KWFC
- Springfield, Missouri; United States;
- Broadcast area: Springfield MO area
- Frequency: 89.1 MHz
- Branding: 89.1 KWFC

Programming
- Format: Southern Gospel

Ownership
- Owner: Radio Training Network, Inc.
- Sister stations: KWND; WJIS; WLFJ-FM; WVFJ-FM;

History
- First air date: 1969
- Call sign meaning: Keep Witnessing For Christ

Technical information
- Licensing authority: FCC
- Facility ID: 3681
- Class: C
- ERP: 100,000 watts
- HAAT: 342.0 meters
- Transmitter coordinates: 37°12′6.00″N 92°56′33.00″W﻿ / ﻿37.2016667°N 92.9425000°W
- Translators: 94.1 MHz K231CI (Branson) 103.3 MHz K277AM (Mansfield)

Links
- Public license information: Public file; LMS;
- Webcast: Listen live
- Website: www.kwfc.org

= KWFC =

Radio station in Springfield, Missouri

KWFC (89.1 FM) is a radio station broadcasting a Southern Gospel format.
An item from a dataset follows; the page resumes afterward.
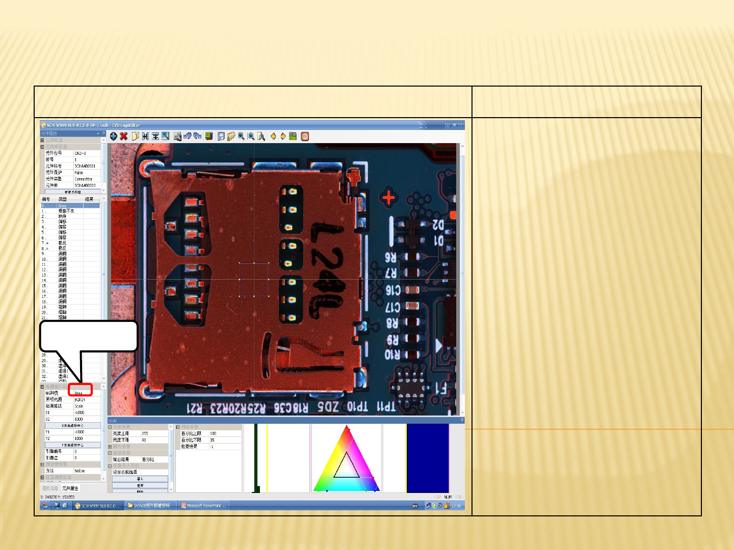 十七 . SIM 卡座类的各项参数标准 ---- 焊盘 不良 122 2. 焊盘不良的 AOI 测试图及参数讲解 焊盘不良的标准参数 1. 算法 :OCVBIN 2. 计算方法 : 截取经过亮度和颜 色处理过的 MARK 点图象或特 殊部位 图象 来确认元件焊 盘的 位子 3. 判定参数 :30-100 4. 横向 / 纵向分割一 般为 1, 反向 允许 NO 5. 输出向量 :Vector1 6. 搜索范围 : 一般大小为图内元 件周…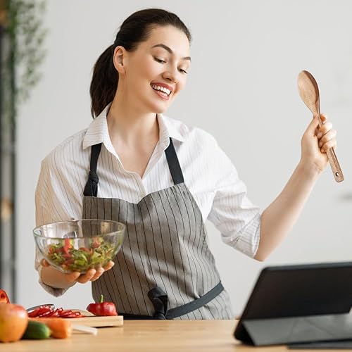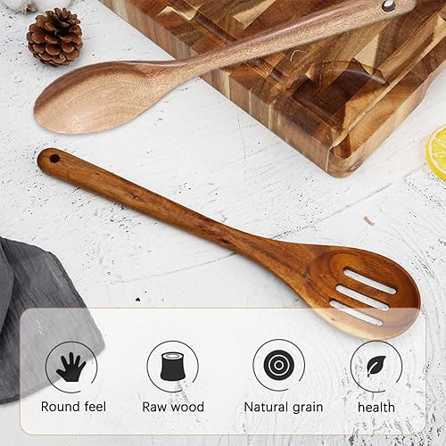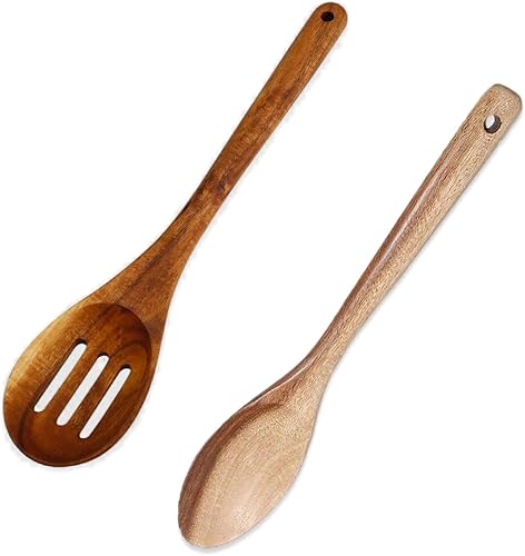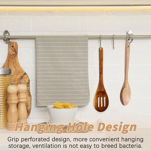 Kytpyi Cuillere en Bois, Ustensiles de Cuisine Bois, 2 Pièces Cuillere Résistant à la Chaleur Antiadhésif avec Trou de Suspension, Poignée Étendue Cuillere en Bois de Cuisine pour Cuisson Mélange

Licensed to Springfield, Missouri, United States, the station serves the Springfield MO area. The station is owned by the Radio Training Network, Inc.

==History==
KWFC began broadcasting on April 17, 1969 at 97.3-FM in Springfield. At the time, the commercial station operated for most of the day, but would shut down for the night. Those early days saw a programming mix of teaching, preaching and music. The musical format was not strictly southern gospel as it is today, primarily because the genre didn't have that designation nationally.
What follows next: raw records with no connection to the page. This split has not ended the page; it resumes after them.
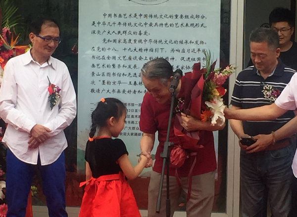 央廣網(wǎng)北京5月12日消息(記者馮玉婷)“幾代學(xué)員同作畫,公益課堂無逸齋”。隨著7歲小學(xué)生、超市收銀員、企業(yè)高管與73歲的書畫家王春林同臺同畫《富貴和諧》,王春林從藝60周年書畫展于2018年5月12日在北京市石景山區(qū)圖書館開幕,王春林所作的百幅山水、花鳥等國畫精品及篆、隸、草、行、楷等多種書體的書法精品將免費向公眾展出。這是北京市石景山區(qū)美術(shù)家協(xié)會、北京市石景山區(qū)圖書館、無逸齋書畫工作室聯(lián)合主辦的公益展覽教育活動。北京市石景山區(qū)文聯(lián)主席郭明、石景山區(qū)圖書館館長吳私、知名書畫評論家阿登、中國文化義工聯(lián)合會副主席王勝利等出席開幕式并致辭。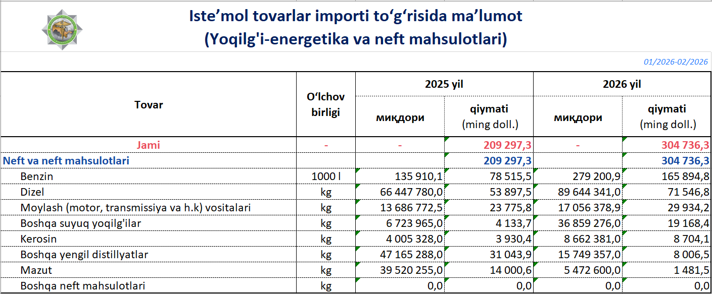 Ўзбекистонда нефт қазиб олиш ва қайта ишлаш қувватлари мавжуд бўлса-да, ички эҳтиёжни тўлиқ қоплаш учун импортга боғлиқлик йилда йилга ошиб боряпти. Божхона қўмитаси маълумотларига кўра, 2026 йилнинг январ-феврал ойларида қарийб 166 млн долларлик 279 млн литр бензин импорт қилинган. Бу 2025 йилнинг мос даврига нисбатан миқдор жиҳатдан 2 баробарга, қиймат жиҳатдан эса 2,1 баробарга кўп. Охирги ойларда ички талабнинг қарийб тенг ярми ташқаридан олиб кирилаётган бензин ҳисобига қондириляпти.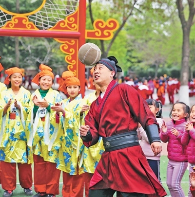 “春日蹴鞠,承載著古人的生活意趣,也帶給今人身心愉悅?!崩顐i說,“這一刻,文化傳承更具象化了!”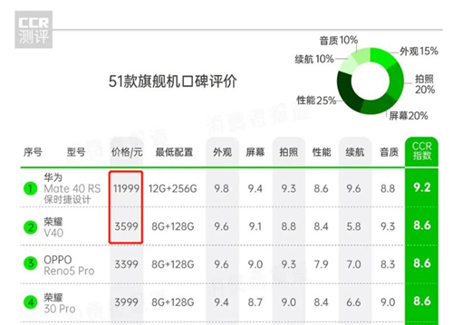 文章中,《消费者报道》分别从外观、屏幕、拍照、性能、续航和音质六个方面,对51款旗舰手机的消费者评价进行了汇总打分。从消费者评价指数来看,华为Mate 40 RS保时捷版的各项表现优秀,而荣耀V40也凭借出色的细分指数和CCR总指数紧随其后,位居榜单第二名。不过,要是综合价格等因素来看的话,荣耀V40的性价比显然更高,也更能为消费者所接受。毕竟,在综合体验和用户评价接近的情况下,两者的价差高达8400元。

Instead, according to a 1970 Billboard magazine article, the station aired a mix of gospel, contemporary and easy listening Christian music. That musical format would stay with the station until the 1980s when the Christian music genre diverged into better defined subgenres (southern gospel, inspirational, contemporary Christian). At that time, KWFC became primarily southern gospel.
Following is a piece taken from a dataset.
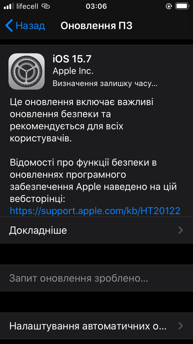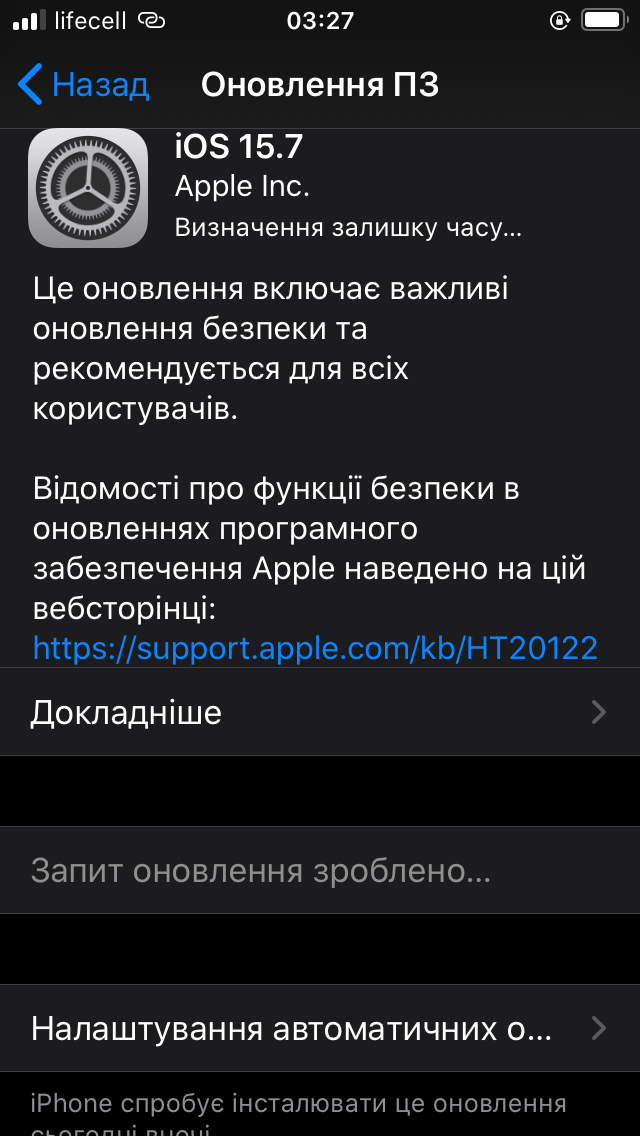 Can't update Software settings for Apple ios 15.7, still waiting few hours, but there is good internet connection and enough space. Phone is using in Ukraine, Lviv.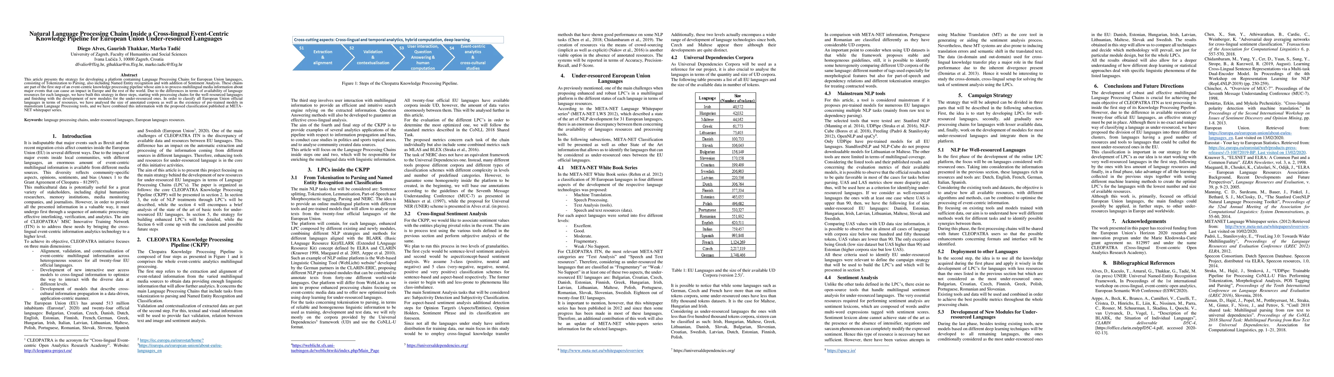 This paper outlines a strategy for creating a multilingual NLP platform for European Union languages, focusing on under-resourced languages. It details the development of language processing chains, including tokenization, parsing, named entity recognition, and sentiment analysis, as part of an event-centric knowledge pipeline for impactful global events.

KWFC moved into the W.F. "Bill" Askew Broadcast Center in 1979. The original transmitter facility was also located on the BBC campus on a 400-foot tower. In 1985, Baptist Bible College sold the 97.3 MHz frequency to Demaree Media, which then founded KXUS. At that time, KWFC moved to 89.1-FM and began operations as a non-commercial educational station. In 1998, KWFC and BBC purchased a 1,000 foot tower (formerly used by KSPR) at Fordland, and relocated to that location.

At around that same time, KWFC began expanding into another technology, the Internet. In 1998, KWFC.org was launched to meet the growing demand to get information out to the world. KWFC would begin streaming its signal over the Internet in 2006.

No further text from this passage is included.